7. A lane-changing behavior prediction system, characterized in that, Including: An information acquisition module for extracting the traffic flow density on the road, the proportion of trucks on the road, and the vehicle lengths and vehicle feature information of the lane-changing vehicle with one lane-changing behavior and surrounding vehicles from the HighD vehicle trajectory dataset at different window times starting from the start time and increasing at each time interval; A data screening module for analyzing the vehicle feature information using Spearman correlation to obtain statistical values, and the statistical values are used to describe the distribution and fluctuation of the vehicle feature information from different perspectives; A clustering analysis module for using the vehicle lengths of the lane-changing vehicle and surrounding vehicles, the traffic flow density on the road, the proportion of trucks on the road, and the statistical values as a dataset, performing clustering analysis on the dataset through the K-means clustering algorithm, and classifying the driving styles of the lane-changing vehicle and surrounding vehicles into conservative, general, and aggressive types; A model training module, which is used to calculate the probability value P of each data in the dataset after driving style classification by using the one-way analysis of variance method, and take the data with the probability value P less than the set threshold as the key input variables; use the double-layer convolutional neural network 2-CNN as the lane-changing prediction model, and train the lane-changing prediction model with the key input variables to obtain the trained lane-changing prediction model; A window time screening module, which is used to input the key input variables under different window times into the trained lane-changing prediction model for prediction respectively, calculate the F1 value according to the prediction results corresponding to each window time, and take the window time with the maximum F1 value as the optimal window time; A prediction module, which is used to extract the image data of the vehicle to be lane-changed and the surrounding vehicles at the optimal window time during the lane-changing prediction process, input the extracted data into the trained lane-changing prediction model to obtain the lane-changing behavior prediction result, and perform lane-changing according to the lane-changing behavior prediction result.
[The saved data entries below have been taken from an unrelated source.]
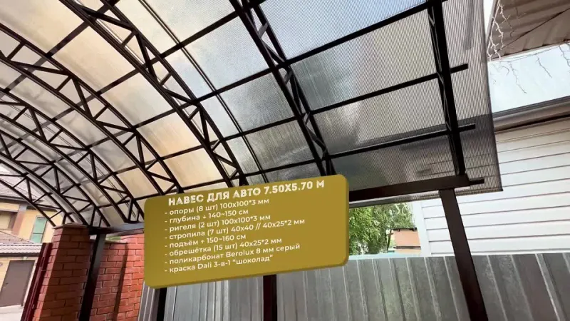 На сайте компании можно подобрать готовый проект или заказать по индивидуальным требованиям. Рекомендуется ознакомиться с примерами работ, сделанных под ключ, в фотогалерее, изучить видеоматериалы. Последние дадут полное представление о процессе изготовления, монтажа навесов из поликарбоната.
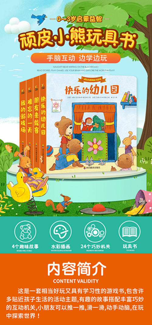 《顽皮小熊纸板书系列》共有4册,分别是《朋友来做客》《难忘的一天》《我的游戏场》《快乐的幼儿园》,通过展现小熊在家里的生活、与伙伴的玩耍、一天的经历和幼儿园的见闻,帮助孩子认识自我、养成好习惯、提高生活能力、健康成长。有趣好玩的故事配上丰富的互动机关,小朋友可以推一推、拉一拉和转动机关,运动自己的小肌肉,促进手指灵活与发展,是相当好玩又具有学习性的幼儿童书。
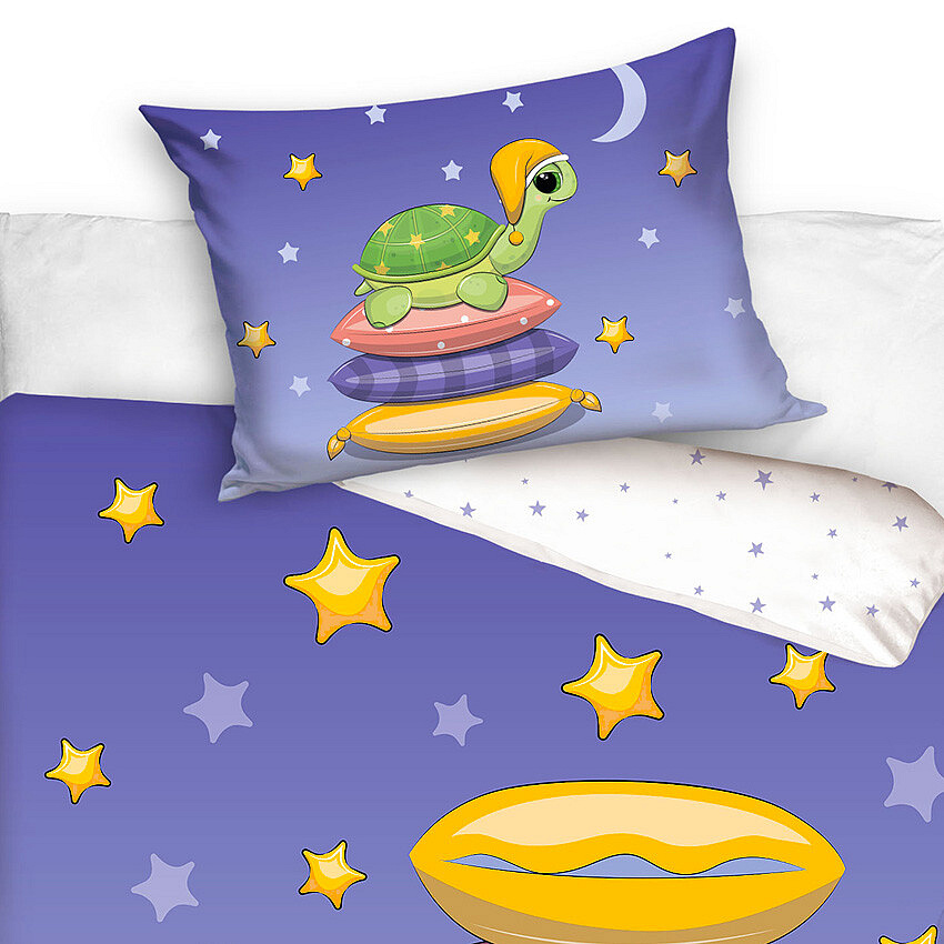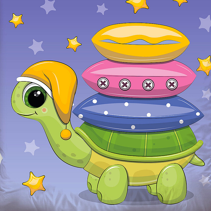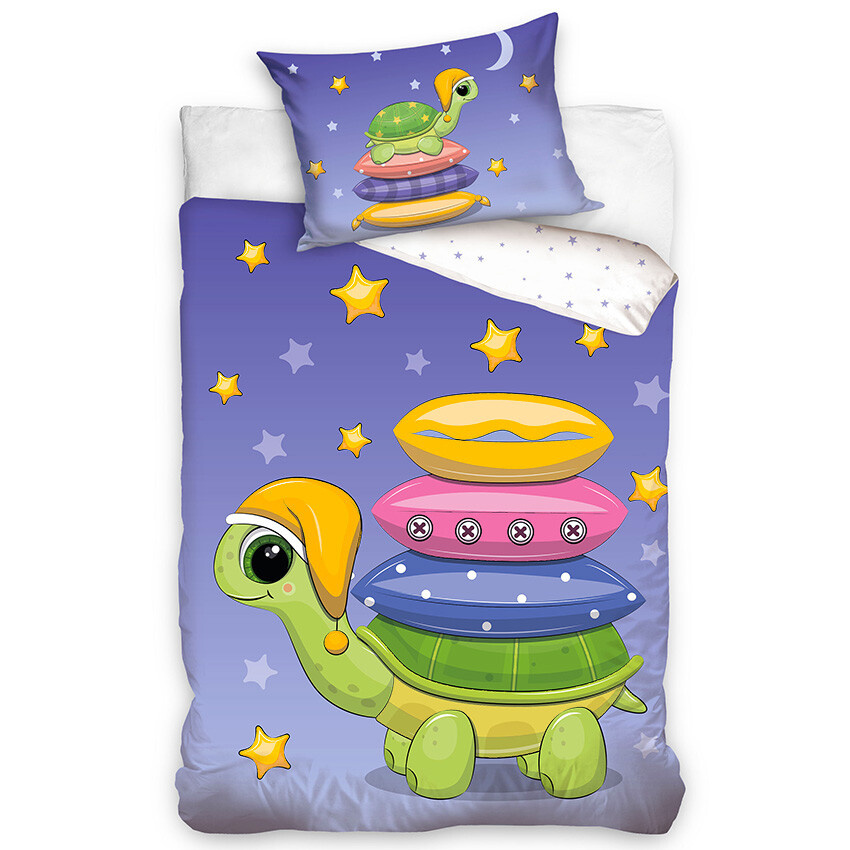 Přední strana přikrývky zaujme velkým motivem milé želvičky v noční čepičce, která si nese barevné polštářky a chystá se ke spánku. Ilustrace působí něžně a uklidňujícím dojmem, takže přirozeně navozuje večerní pohodu. Design je laděn do jemných fialových tónů inspirovaných noční oblohou, doplněných hvězdičkami ve žlutých a světle fialových odstínech. Barevné polštářky v růžové, modré a žluté dodávají motivu hravost a příjemné oživení.
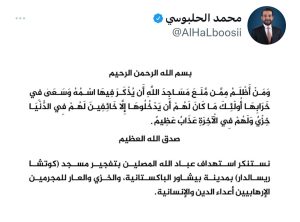 وقال الحلبوسي في تغريدة عبر تويتر طالعتها الرشيد: “نستنكر استهداف عباد الله المصلين بتفجير مسجد(كوتشا ريسالدار) بمدينة بيشاور الباكستانية”.
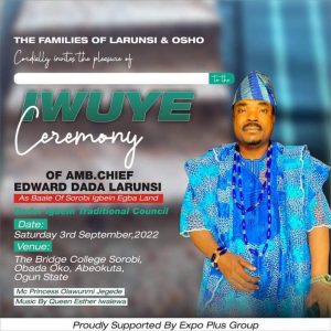 Asiwaju Unity Forum has congratulated Amb. Chief Edward Larunsi on his new position as the Baale of Sorobi Igbein, Egba Land.
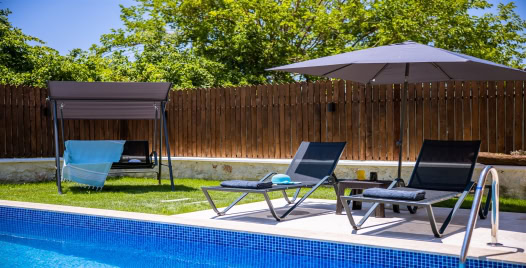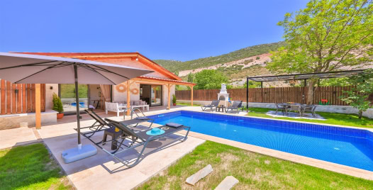 Havuz : Havuz terası korunaklı olup dış taraftan gözükmemektedir. Villamızın havuz terasında şezlong , şemsiye, salıncak ve oturma grubu bulunmaktadır.
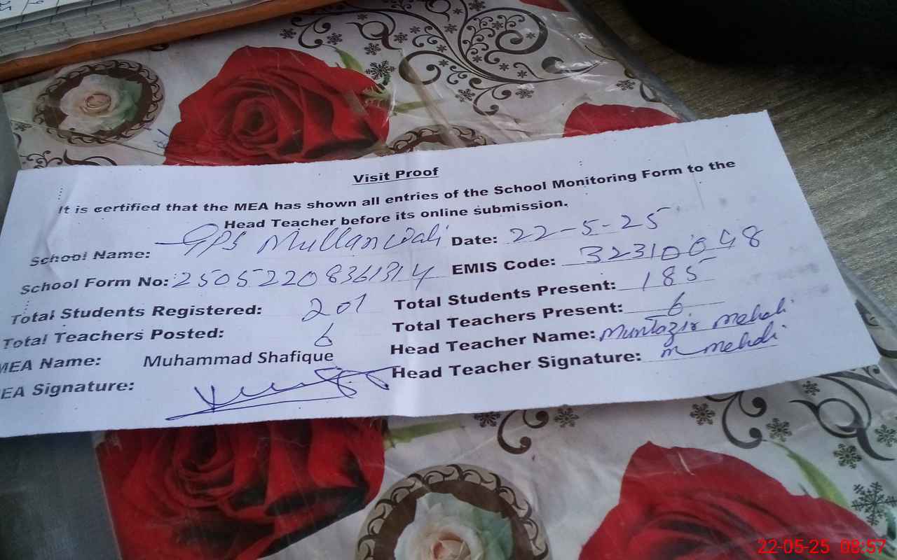 | Attendance Register | Head Teacher | MEA with School | Visit Proof |
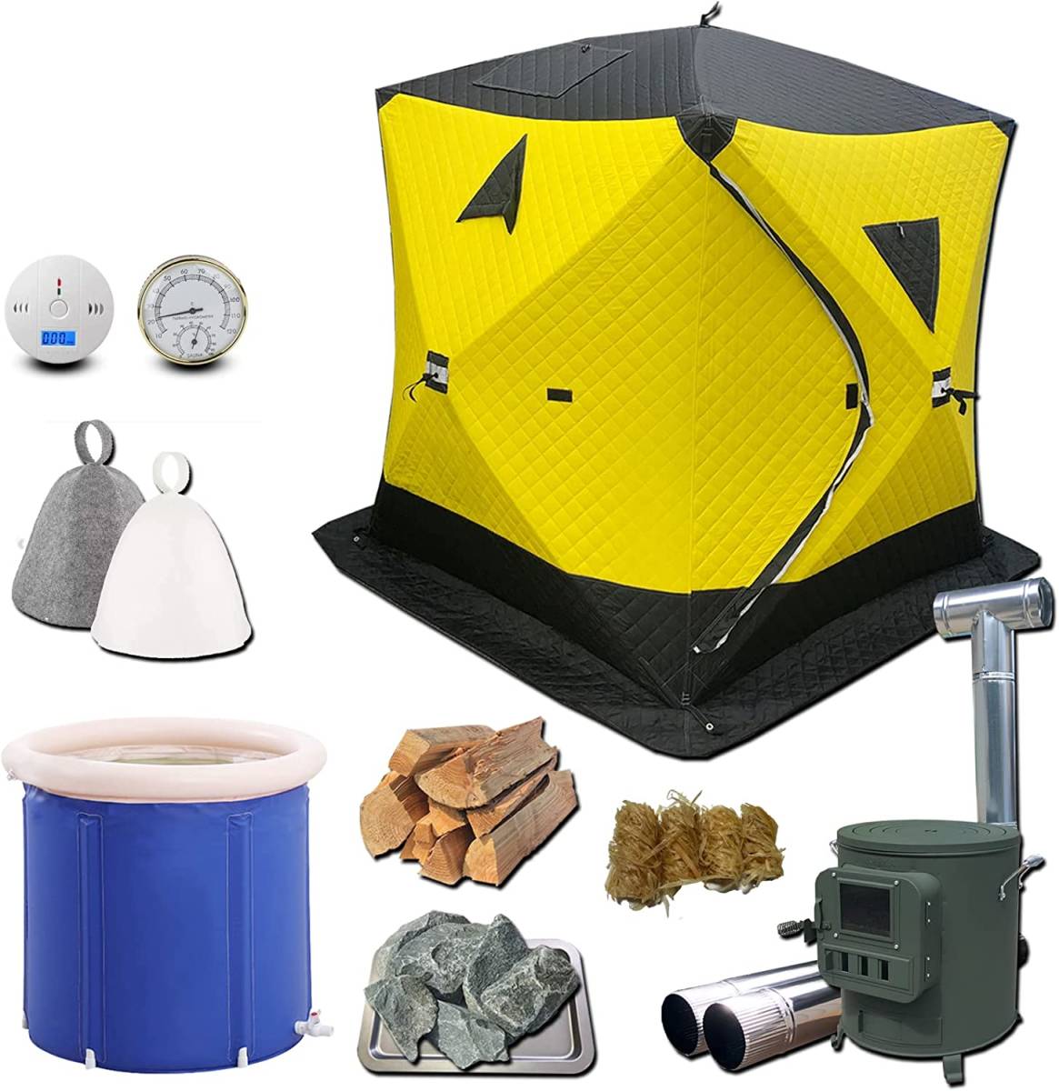 - サウナテント 水風呂セット 4人用 ロウリュができる すぐに使える テントサウナ 外寸幅225cm×奥行225cm×高さ210cm 家庭用サウナ
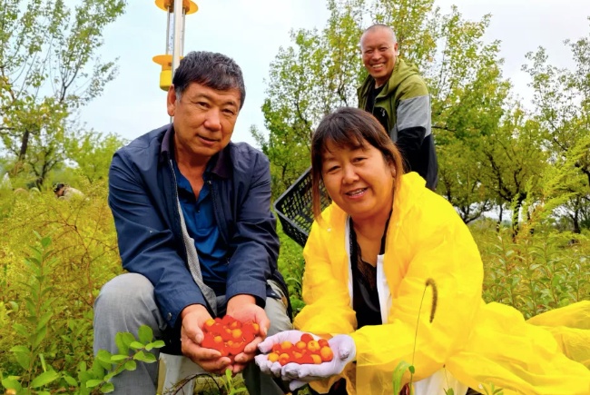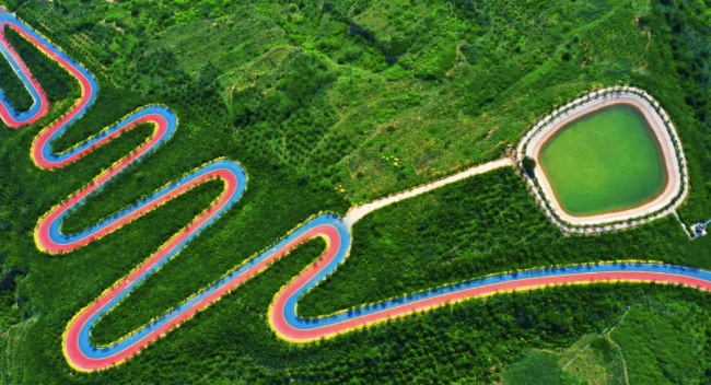 蜿蜒的自行車賽道穿過秋收的田野,飽滿的玉米與成片的鈣果,正是“金山銀山”的生動寫照。
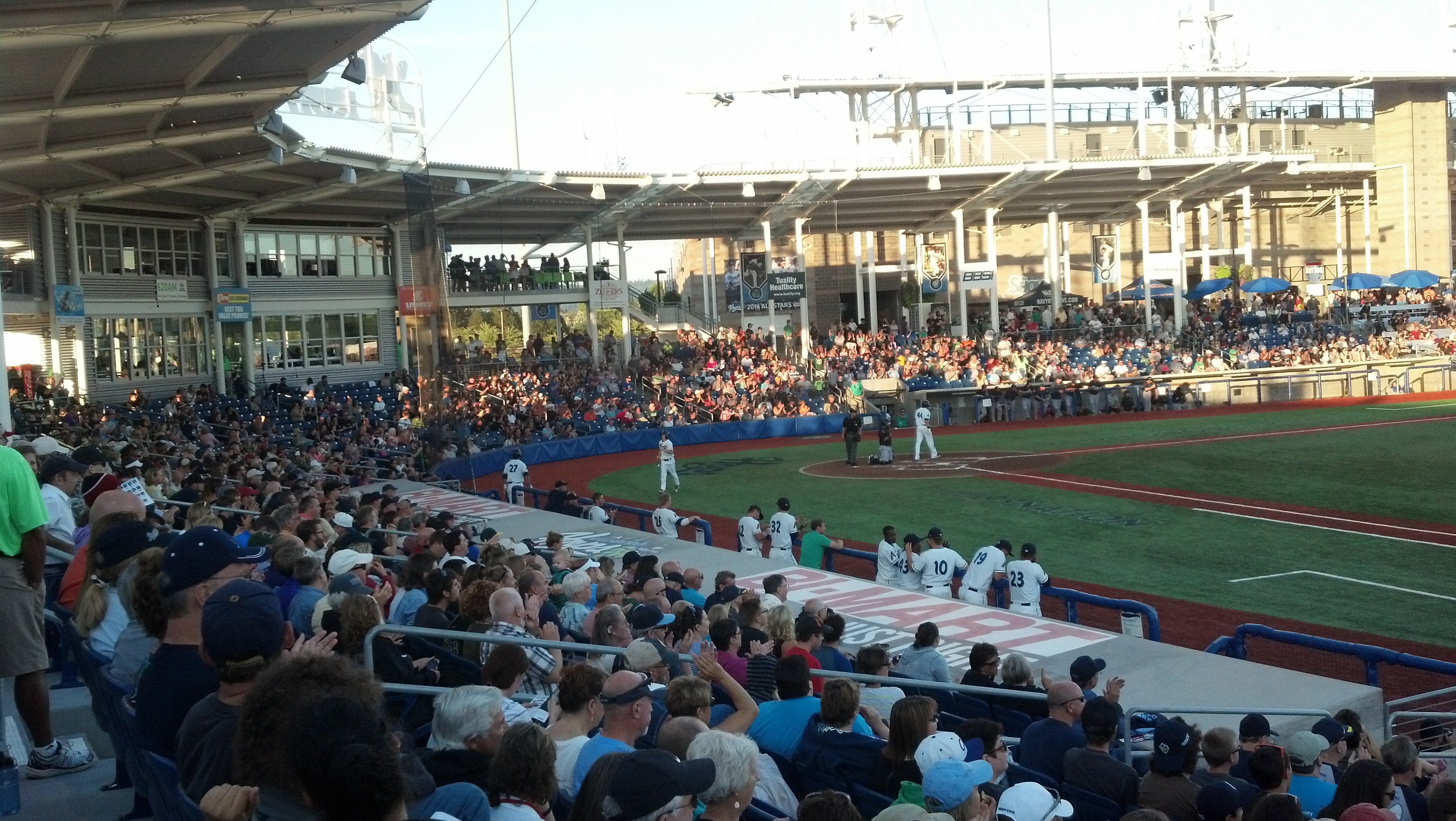 Volcanoes Stadium is about 15 minutes away from Salem, in the town of Keiser. What a crappy ballpark. First, boo to their front office and way overpricing tickets (plus telling people that the 200 level seats were ‘sold out’ and just $20 seats or grassy areas were available). The design is terrible with a huge walkway behind home plate and a mostly bleachered ballpark set far from the field with lots of foul territory. Other negatives include the view of I-5, sun-weathered seats changing the color to pink and splintered picnic tables on the left-field line. I’m definitely not a fan of this place and I’m shocked it was built in 1997. The game took forever too (3:20), but the home team prevailed with a 9-5 win. Not all of the parks will be great and that keeps things interesting.
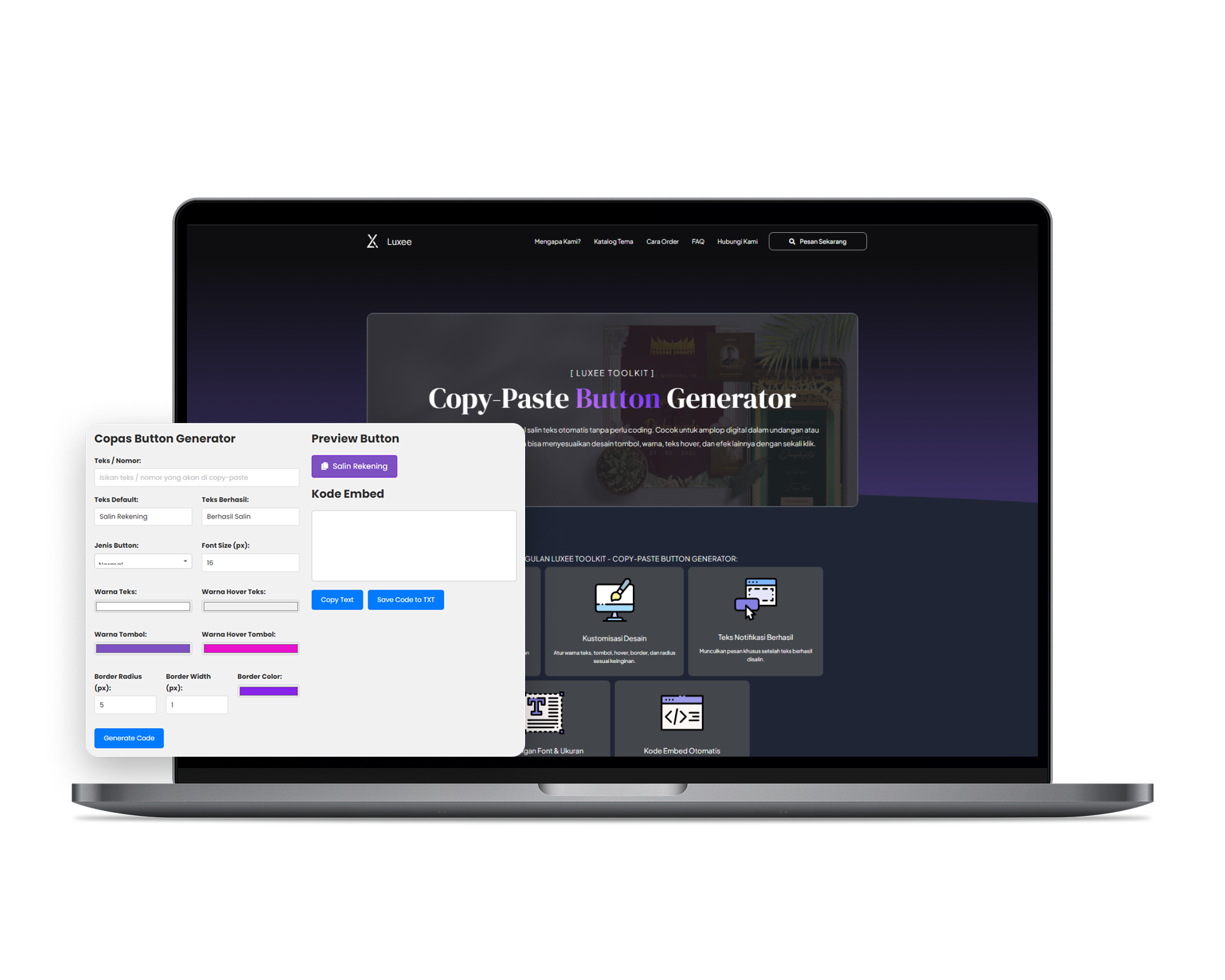 Aalat praktis untuk membuat tombol salin teks otomatis tanpa perlu coding. Cocok untuk amplop digital dalam undangan atau tombol salin cepat di website. Anda bisa menyesuaikan desain tombol, warna, teks hover, dan efek lainnya dengan sekali klik.
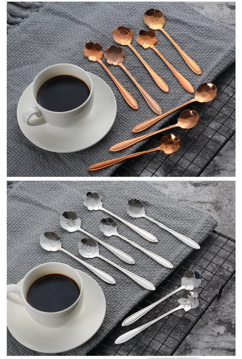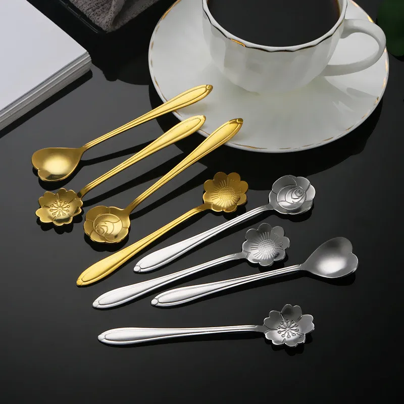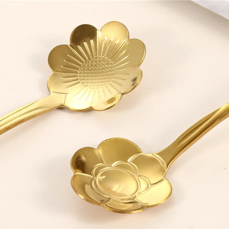 8Pcs Flower Spoon Set Small Teaspoon Coffee Spoon Cute Ice Cream Dessert Spoon Silver Gold Stainless Steel Spoon For Coffee Tea
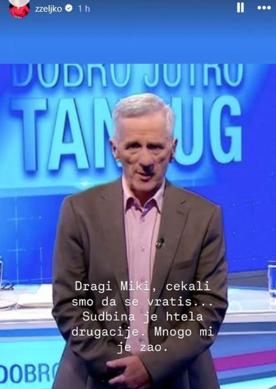 - Dragi Miki, čekali smo da se vratiš... Sudbina je htela drugačije, mnogo mi je žao - napisao je Željko koji je uspešno i sarađivao sa Komrakovim dugi niz godina. Podsećamo, Milorad je radio kao voditelj Jutarnjeg programa na televiziji "Tanjug".
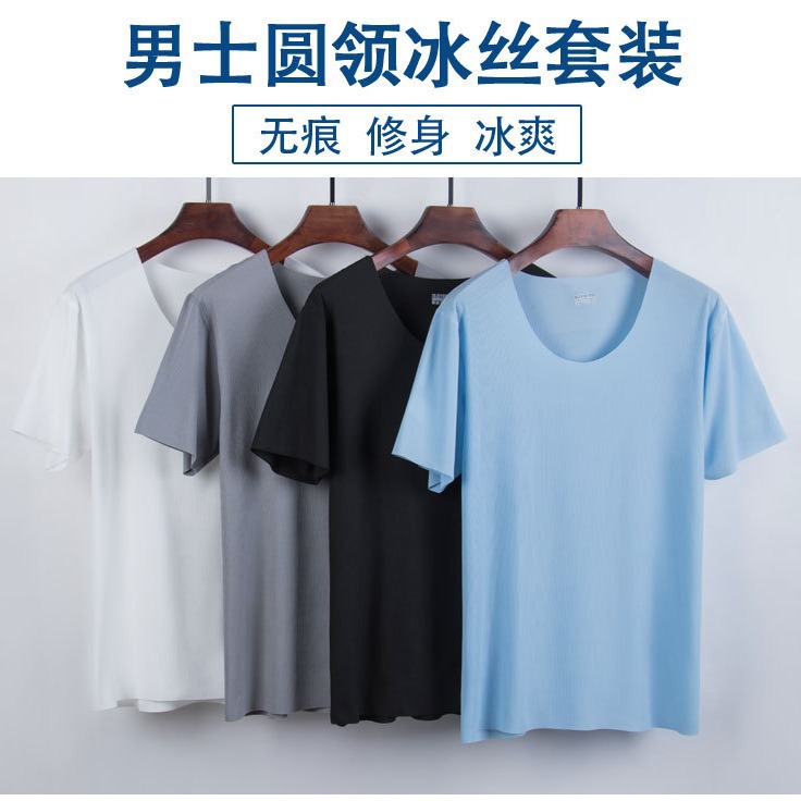 Главная страница > Летний тонкий мужской Пижамный костюм из ледяного шелка, домашняя одежда, немаркие шорты с короткими рукавами, мужская повседневная Летняя одежда с круглым вырезом

8. A computer device, comprising a memory and a processor, wherein a computer program is stored in the memory, characterized in that, When the processor executes the computer program, it implements the steps of a lane-changing behavior prediction method according to any one of claims 1-6.
9. A storage medium, on which a computer program is stored, characterized in that, When the computer program is executed by the processor, it implements the steps of a lane-changing behavior prediction method according to any one of claims 1-6.